▶ [Dataset section]
************

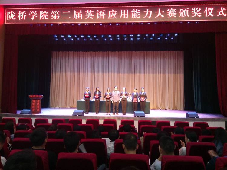 5月31日下午,陇桥学院第二届英语应用能力大赛(翻译、听力、朗诵类)颁奖仪式在学术报告厅举行。学院领导郇东、高军、燕宏同志,督导组副组长杨怀有同志及外国语言文学系领导班子出席颁奖仪式。仪式由外国语言文学系主任权志成主持。大赛指导老师及800名学生参加了表彰仪式。
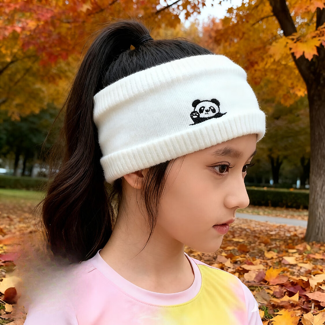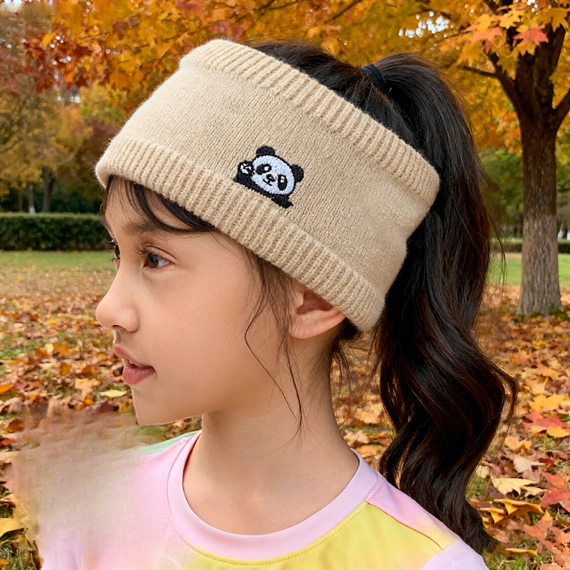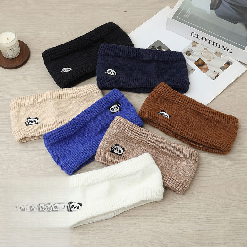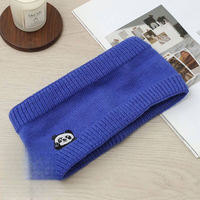 Nian Meifang children's hairband girls cute autumn and winter forehead protector knitted forehead wipe outdoor windproof hood warm scarf blue
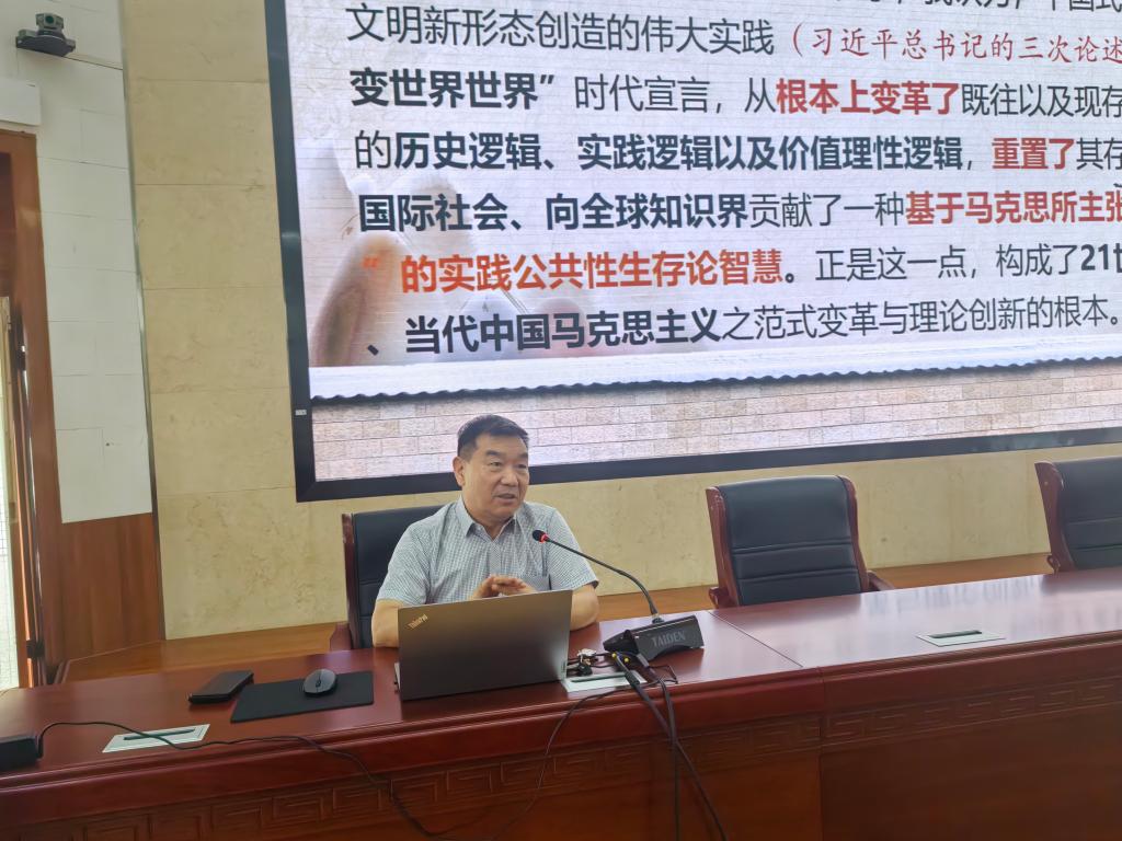 袁祖社教授从世界观的理论高度审视现代化与全球化进程,揭示中国式现代化对重构人类文明图景的原创性贡献。袁教授首先从马克思“现实的人”的角度出发,提出需以历史唯物主义视角反思西方现代化模式的经验与局限,批判全球化进程中世界观深度的消解与价值虚无化倾向。其次,强调中国与世界的双向互鉴—既要在全球视野中定位中国道路,又需以中华文明智慧重塑现代性价值体系。当代中国马克思主义通过实践性变革,突破了西方中心主义的认知框架,构建了立足本土实践的现代化理论范式。最后,揭示中国式现代化的深层逻辑在于价值观层面的创新,通过融合传统伦理与现代治理、集体理性与个体发展,形成了具有文明包容性的发展路径。这一理论探索不仅为发展中国家提供了非西方化的现代化方案,更推动了人类文明新形态的哲学建构,体现了马克思主义世界观在21世纪的实践生命力。

************

Your answer must be only the lines from the one that holds "Nian Meifang children's" to the end of the listing, each restated word for word, with both ends kept and pictures left out.

▶ [Exercise response]
 Nian Meifang children's hairband girls cute autumn and winter forehead protector knitted forehead wipe outdoor windproof hood warm scarf blue
 袁祖社教授从世界观的理论高度审视现代化与全球化进程,揭示中国式现代化对重构人类文明图景的原创性贡献。袁教授首先从马克思“现实的人”的角度出发,提出需以历史唯物主义视角反思西方现代化模式的经验与局限,批判全球化进程中世界观深度的消解与价值虚无化倾向。其次,强调中国与世界的双向互鉴—既要在全球视野中定位中国道路,又需以中华文明智慧重塑现代性价值体系。当代中国马克思主义通过实践性变革,突破了西方中心主义的认知框架,构建了立足本土实践的现代化理论范式。最后,揭示中国式现代化的深层逻辑在于价值观层面的创新,通过融合传统伦理与现代治理、集体理性与个体发展,形成了具有文明包容性的发展路径。这一理论探索不仅为发展中国家提供了非西方化的现代化方案,更推动了人类文明新形态的哲学建构,体现了马克思主义世界观在21世纪的实践生命力。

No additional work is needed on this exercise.